Since the San Francisco-Osaka Sister City Association’s founding in 1964, Aizawa has served on the board, facilitating past visits by the mayor of San Francisco to Osaka and joining the association’s Executive Committee in welcoming the mayor of Osaka to San Francisco. He has supported grassroots exchange between San Francisco and Osaka and has visited Osaka many times, including with a past mayoral delegation, as part of efforts to strengthen relations between the sister cities
Aizawa served on the board of the Japanese Chamber of Commerce of Northern California from 1961-2001 was involved in many aspects of the organization, including its newsletters and annual gala. He has also helped Japanese companies enter American and Northern Californian markets, aiding their development with his abilities in Japanese.
Aizawa was appointed as a commissioner at the Asian Art Museum in 1993 by then-Mayor Dianne Feinstein and served for 16 years. He has worked to introduce Japanese art in the Bay Area, contributing to the organization of Japan-themed exhibitions and acquisitions of Japanese art for the museum, which has the largest Asian art collection on the West Coast.
Aizawa has also contributed to interest in Japanese culture through his service on the boards of various Japan-affiliated organizations in San Francisco’s Japantown.
* Jimi Yamaichi of San Jose, founder, Japanese American Museum of San Jose; program director, San Jose-Okayama Sister City Organization. Order of the Rising Sun, Gold and Silver Rays for contributing to improvement of the welfare of Japanese nationals in Northern California and promoting understanding about Japan.

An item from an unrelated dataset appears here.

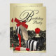 Elegante encaje, frasco de perfume negro y dorado, lápiz labial rojo y zapato rojo de tacón alto plantilla de invitación a la fiesta de cumpleaños. Esta invitación a la fiesta de cumpleaños de cebra roja bonito se personaliza fácilmente para el evento añadiendo los detalles del evento, el estilo del tipo de letra, el tamaño y el color del tipo de letra y la redacción. Por favor, tenga en cuenta que todos los pegatinas, tarjetas y diseños de invitación que encontrarás en Zazzle son gráficos impresos sin joyas, arcos, arcos, grabados en relieve, o piezas o piezas añadidas.

Yamaichi started the Nikkei Matsuri, the first Japanese-themed festival in the South Bay, in 1978 and led the festival to success as chairman for 10 years. He also founded the Japanese American Museum of San Jose in 1985 to preserve Japanese culture and Japanese American history. In addition, he has been involved for many years with the San Jose Obon festival, which is the largest Obon festival in Northern California and which enjoys a thousand dance participants each year.
Yamaichi has been an important figure in the San Jose-Okayama Sister City Organization since its founding in 1982, overseeing initiatives and management as program coordinator. He has welcomed delegates and arranged homestays for visitors from Okayama.
Yamaichi has organized an invitational sumo tournament in California as well as basketball exchange between local students and the Shoin Higashi Women’s College.
Yamaichi has contributed to the welfare of Japanese citizens living in the U.S., most notably through his support of Yu-Ai Kai, an organization supporting seniors from the Issei (first-generation Japanese immigrant) community. He was involved extensively in Yu-Ai Kai’s development, from the pre-founding planning, to construction plans and serving on the board of directors.
As a board member, he also helped oversee the planning, construction, and management of Fuji Tower, a housing facility for Nikkei seniors. Yamaichi has also been involved in youth development initiatives through his work in the San Jose Buddhist Church Betsuin.
The consulate also announced a recipient of the 2011 Foreign Minister’s Commendation by the Ministry of Foreign Affairs:
* Dr. Hisashi Kajikuri, a Monterey physician, received the commendation for contributing to improvement of the social welfare of Japanese, friendly relations between Japan and the United States, and promotion of the understanding of Japan.
The conferment ceremonies were held at the official residence of Consul General Hiroshi Inomata.